** Opening RECORDS SUPPLIED block **

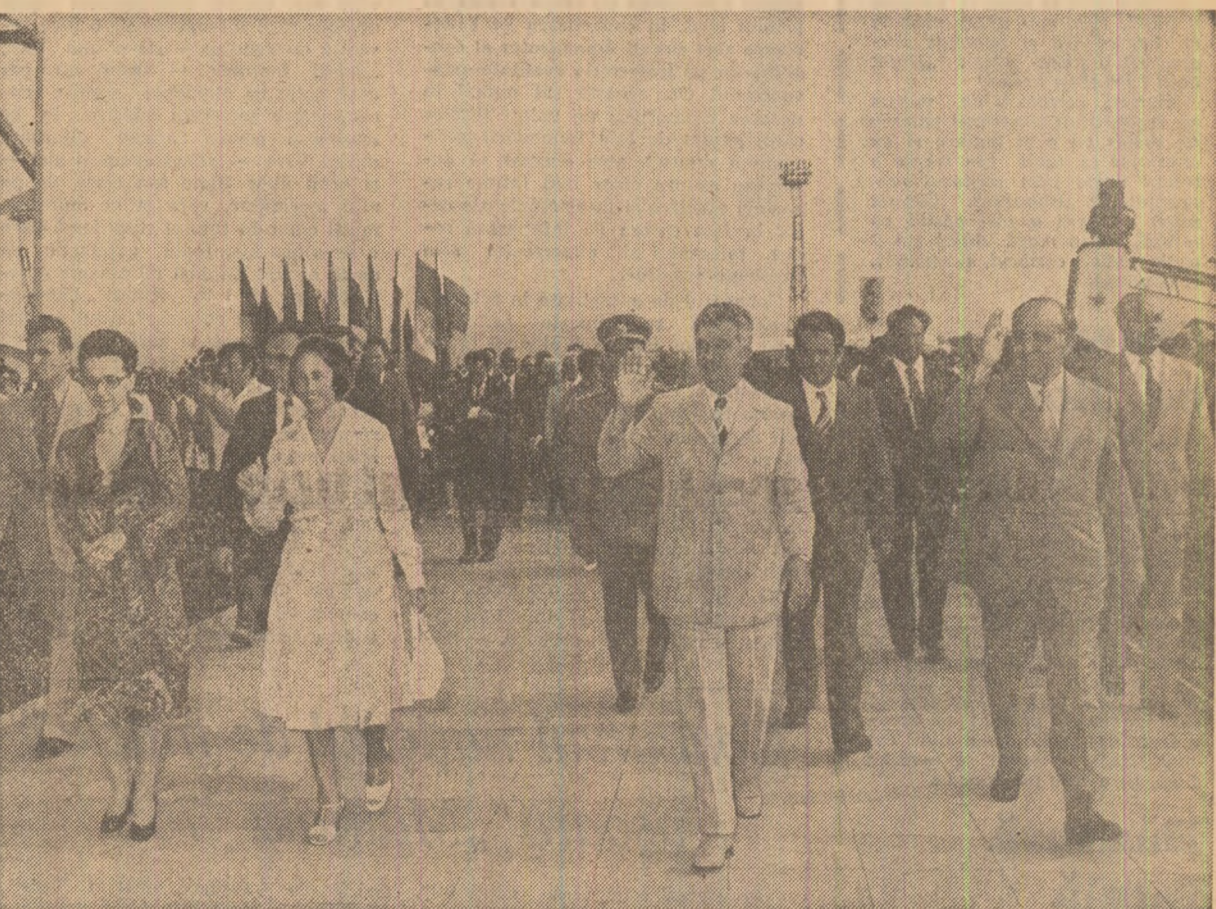
Pe aeroportul internațional din Varna
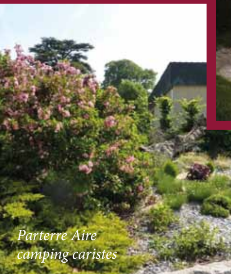
Parterre Aire camping caristes
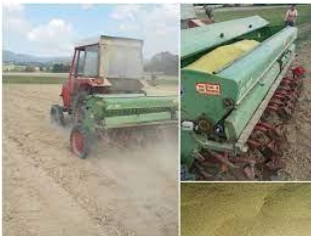
Slika 7. Sjetva kamilice

Uz nepravilan raspored padalina, jesenska sjetva počinje u rujnu (Franke i Schiler., 2005.). Prema Šilješu i sur. (1992.) u našim uvjetima sjetva do veljače je razumna, a optimalni jesenski rokovi kreću se od sredine rujna do kraja listopada. S obzirom na sjetvenu površinu kamilice i kratko razdoblje cvatnje, najbolje je sijati kamilicu u više sjetvenih rokova, čime se može osigurati produljenje razdoblja cvatnje. Tijekom izrazito sušne jeseni, budući da jutarnja rosa vlaži površinu tla, a tlo se ne isušuje zbog umjerenih dnevnih temperatura, usjevi će brže nicati i ravnomjernije rasti ako se sade kasnije. Ako se kamilica sije u prvom roku, površinu je potrebno povaljati jer tlo nije prevlažno. Proljetnu sjetvu ne treba provoditi jer se prinosi mogu smanjiti i do 40 % (Šilješ i sur., 1992.) (Slika 7.).
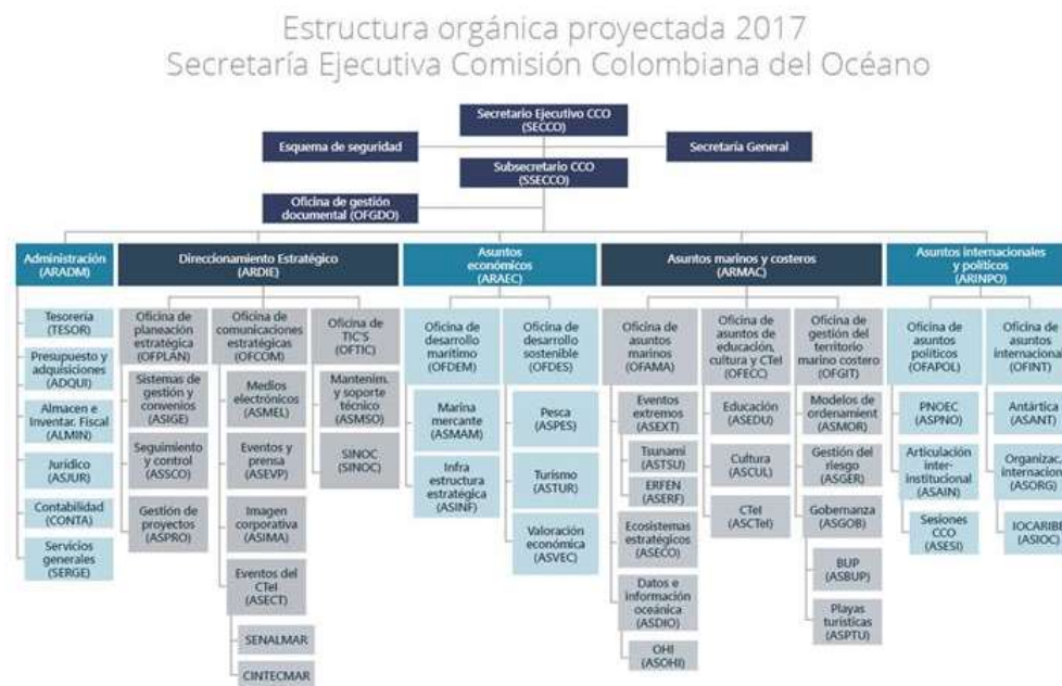
Figura 2. Organigrama organizacional informativo.

Se realizó un análisis del comportamiento organizacional que maneja el personal militar y civil por medio de la observación participativa y exploratoria, del cual se puede deducir, que ambos grupos son prudentes en el momento de solicitar cualquier información o realizar trato directo. Así mismo, resaltan la comunicación como un eje central entre la confianza y cooperación en el ambiente laboral.
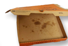
Cajas de pizza
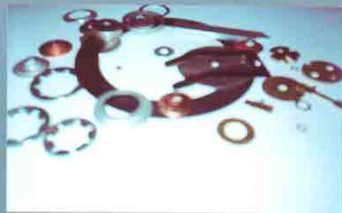
Minuteria su specifiche del cliente Customer-specified small items
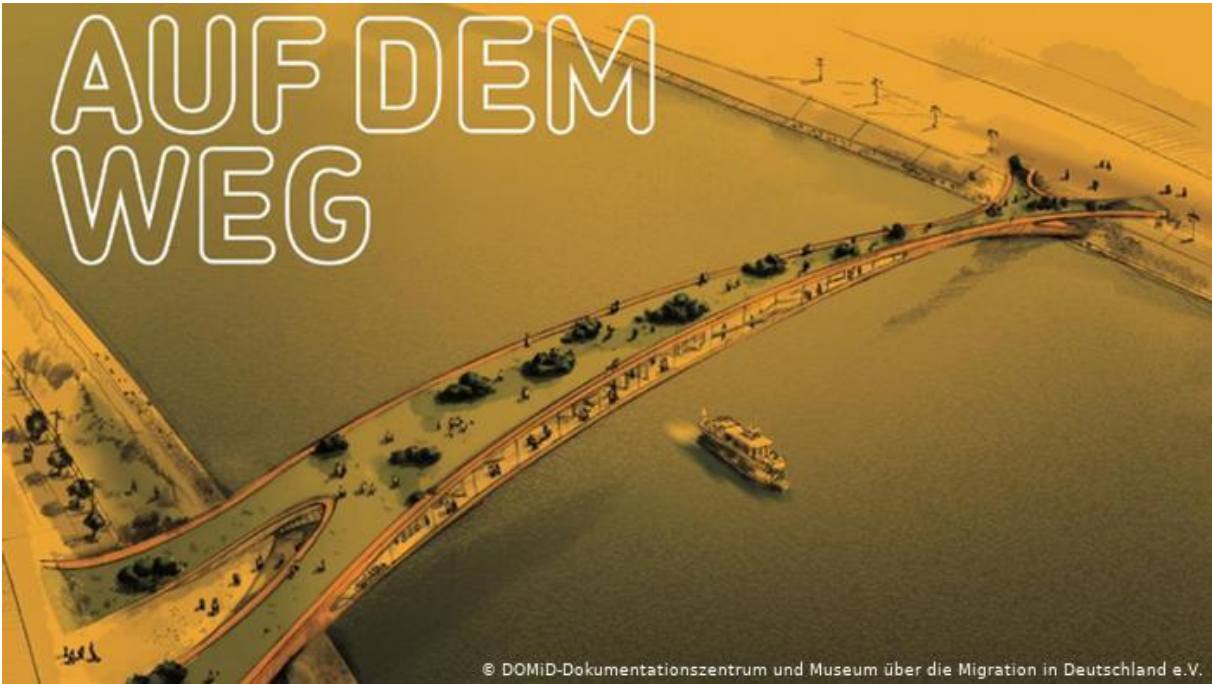
Zeichnung – Auf dem Weg , 2015 Ideen für ein zentrales Migrationsmuseum in Köln

Aus: DW, Dokumentationszentrum und Museum über die Migration in Deutschland
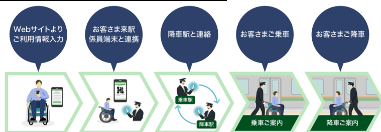
「JRE おでかけサポート」イメージ図

サービス開始日：2024年2月26日(月)※2024年2月28日(水)以降ご利用分から受付開始します。
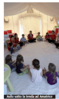
Asilo sotto la tenda ad Amatrice

Innocenzina Rossi" di Spoleto. L'immobile è stato dichiarato inagibile in seguito ai danni procurati dal terremoto. In questa situazione di emergenza i bambini sono stati ospitati presso i locali di una scuola comunale vicina. La sistemazione tattiva è provvisoria e ha portato non pochi disagi per il trasloco che in questi giorni si sta facendo. Nelle prossime settimane i tecnici dovranno valutare i reali danni e quindi i tempi e i modi di ripristino dell'agibilità della scuola. Comunque sicuramente saranno lunghi e onerosi. E dunque è doveroso ragionare su una soluzione a medio lungo termine. Alla scuola, ai bambini, alle educatrici, a tutto il personale, ai genitori, alla comunità il nostro sostegno.
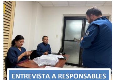
ENTREVISTA A RESPONSABLES DE CENEVAL
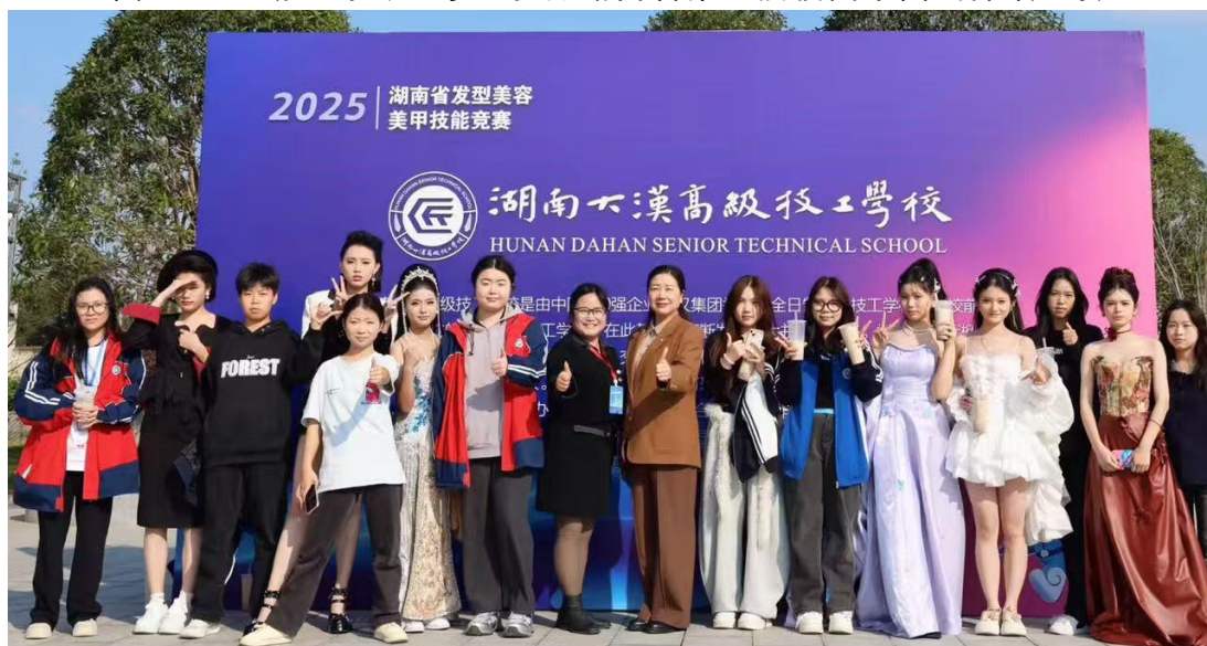
图 36：形象设计专业学生第 27 届湖南省发型美容美甲技能竞赛
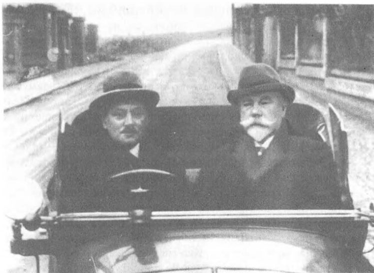
А.И.Деникин и П.В.Колтышев. 1934 г.

ницей национальной России — своей второй родиной — Францией.
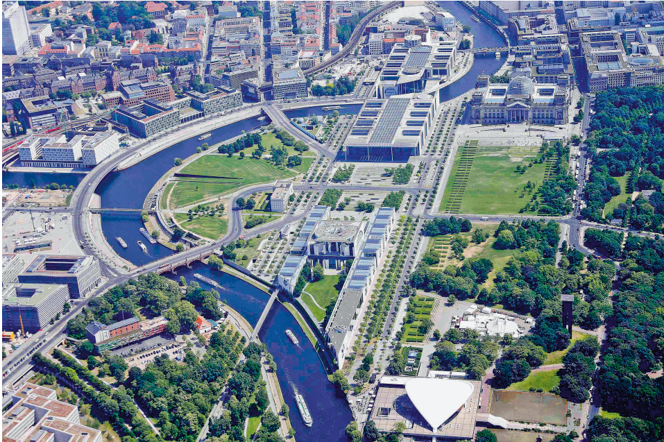
Abb. 5: Berlin, Luftaufnahme des Regierungsviertels mit Bundeskanzleramt, Paul-Löbe-Abgeordnetenhaus und Reichstag.
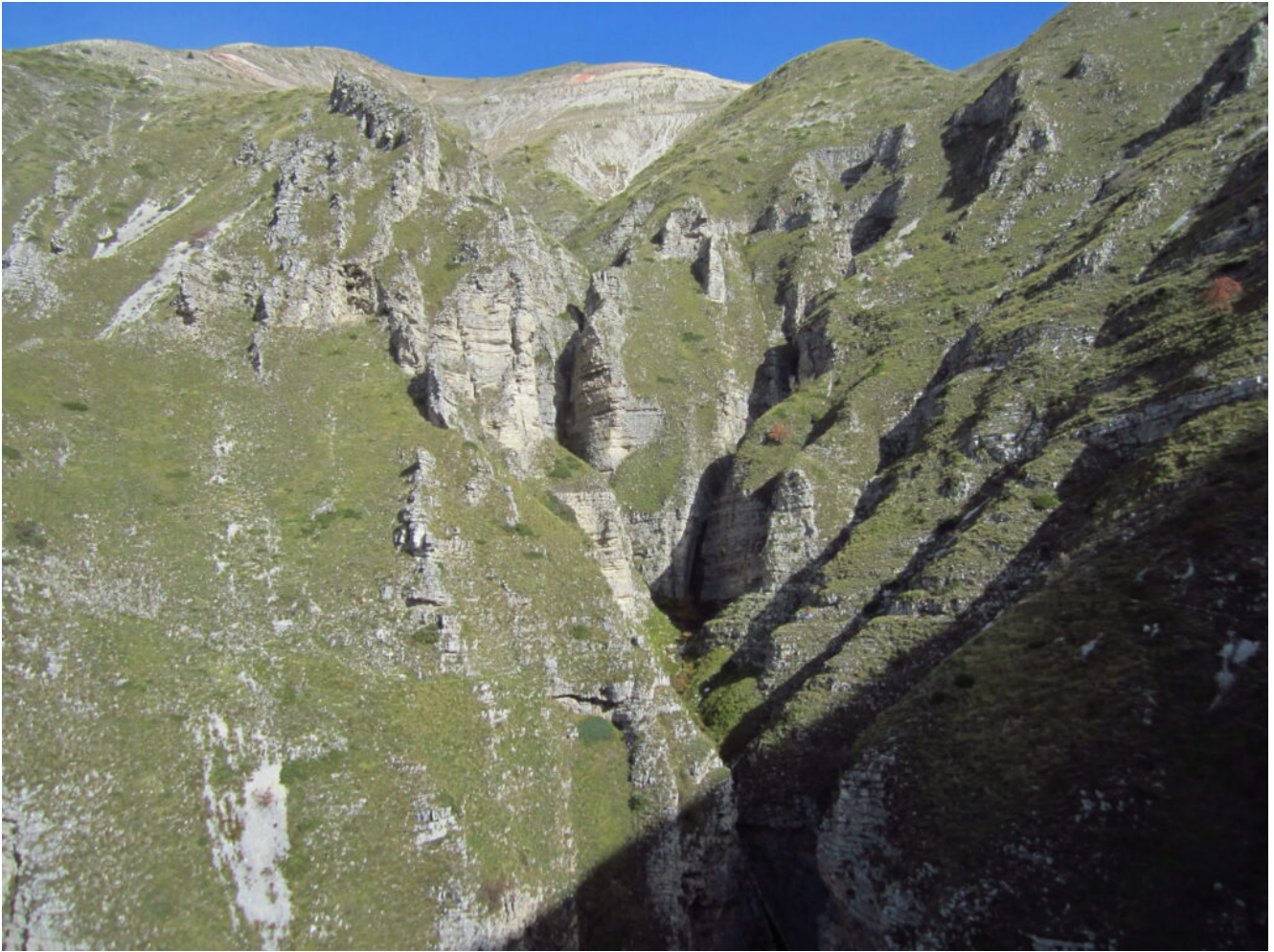
18- L'intero Fosso La Foce ed In alto il Monte Rotondo visto dallo scoglio della foto n.20

** Closing RECORDS SUPPLIED block **

THE TASK:
Match on "organizacional" and report each line of the data above that has it.

WORKED SOLUTION:
Figura 2. Organigrama organizacional informativo.
Se realizó un análisis del comportamiento organizacional que maneja el personal militar y civil por medio de la observación participativa y exploratoria, del cual se puede deducir, que ambos grupos son prudentes en el momento de solicitar cualquier información o realizar trato directo. Así mismo, resaltan la comunicación como un eje central entre la confianza y cooperación en el ambiente laboral.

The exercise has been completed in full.